Mr. Justice Mitchell,

This is an action for the purchase money of land and the defense is that plaintiff’s title is not marketable. The case stated shows the facts to be briefly these: One Latham conveyed the land in 1880 to his stepson, the plaintiff, who in turn conveyed to his mother, Latham’s wife, and she, dying, devised *35it to plaintiff in remainder, after a life estate to Latham. In 1890, after his wife’s death, Latham filed a bill to set aside the deed of 1880 to plaintiff, on the grounds of fraud, undue influence, non delivery, etc. Pending this bill, proceedings in lunacy resulted in a finding that Latham had been a lunatic from January, 1892. This finding was traversed, but before the traverse was filed, a committee was appointed and substituted as complainant in the bill in equity. Some testimony was then taken in the equity case, but both it and the lunacy proceedings were pending and undetermined when, in November, 1893, Latham died, leaving a will dated in March, 1892, by which he devised his whole estate to a Mrs. Moore. In 1896 the master filed the testimony in the equity suit (but no report), the committee discontinued the suit of record, and, on payment of costs, etc., the court formally approved the discontinuance.

The objections of the appellant to the title are that neither the committee nor the attorney had any authority to discontinue the suit after the death of their principal, and that such discontinuance is not a bar to the devisee or heirs at law of Latham to have the suit reinstated, or to bring a new one for the same cause of action. The case stated then proceeds that if the court shall be of opinion that the discontinuance was properly made, and that the plaintiff can, in so far as the said equity suit affects his title, convey to defendant a fee simple, etc., then judgment for plaintiff, but if the court shall be of opinion that the “said discontinuance wa,s improperly entered and, therefore, plaintiff’s title is not a good marketable title,” etc., then judgment for defendant. In thus submitting to the court an alternative judgment, turning merely on the validity of the discontinuance, the case stated is defective because it bases the judgment on an inconclusive fact. A discontinuance, rightly or wrongly entered, even if entered by Latham himself in his lifetime, would not be a bar to a second action for the same cause, by him or his successor in title, and defendant is not and cannot be put in the position of a purchaser without notice. But, as it is very clear that the discontinuance was without authority, we are enabled, notwithstanding the defect, to enter judgment. The bill was an assertion by Latham that the title was still in himself, notwithstanding his conveyance, and his committee prosecuted the suit only in his right and for his benefit. When he died the *36authority of the committee ended, and Latham’s title, whatever it was, passed to his devisee if his will-was valid, 'or otherwise to his heirs at law. In neither case had the committee any title or right to control the assertion of the title which had been in Latham. The bill was in substance an ejectment, and the right of a personal representative to bring or prosecute an ejectment must depend on special circumstances such as a direction to sell, etc.: Cornell v. Green, 10 S. & R. 14; Kirk v. Carr, 54 Pa. 285.
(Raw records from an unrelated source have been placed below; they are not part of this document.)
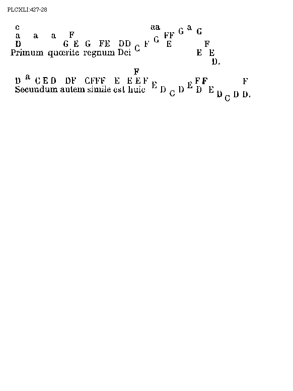 [PLCXLI:427-28; text: C, D, E, F, G, a, Primum quoerite regnum Dei, Secundum autem simile est huic]
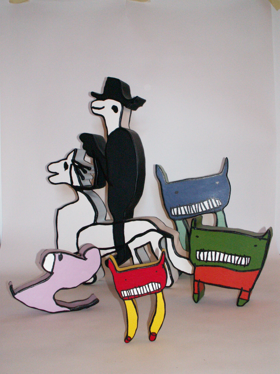 Plastiken aus Holzpappe lassen deutlich die Graffiti - Vergangenheit
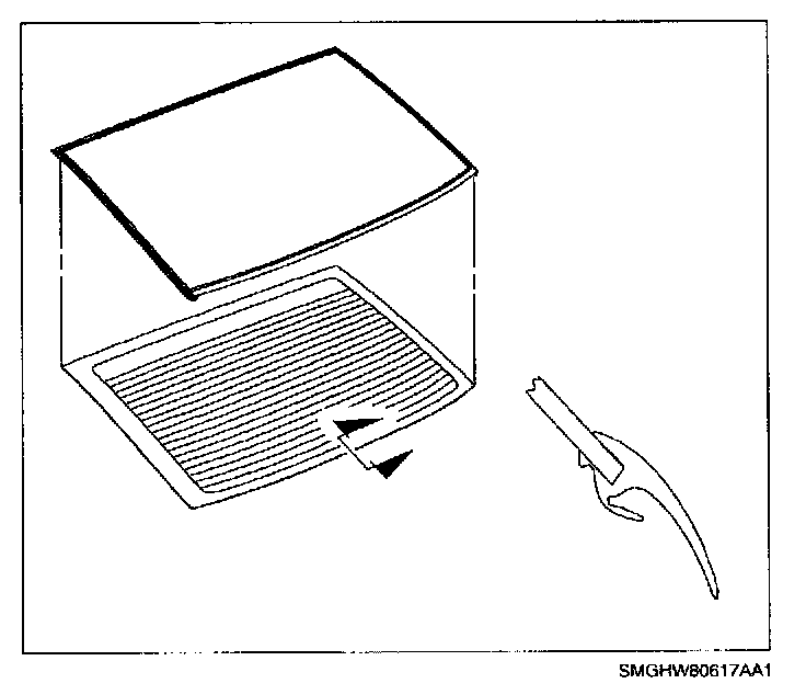 7. With aid of a helper, lift glass into window opening. Align top edge of molding with notches in roof panel. Make certain the lip of the applied molding laps over the roof feature line.

Whether the discontinuance of the equity suit, however, was rightly or wrongly entered, the title of plaintiff is still liable to appellant’s objection that, at least as to a purchaser with notice, it is open to litigation on the subject-matter of the bill, and therefore is not marketable in the sense that the case stated calls for.

Judgment reversed and judgment directed to be entered for the defendant.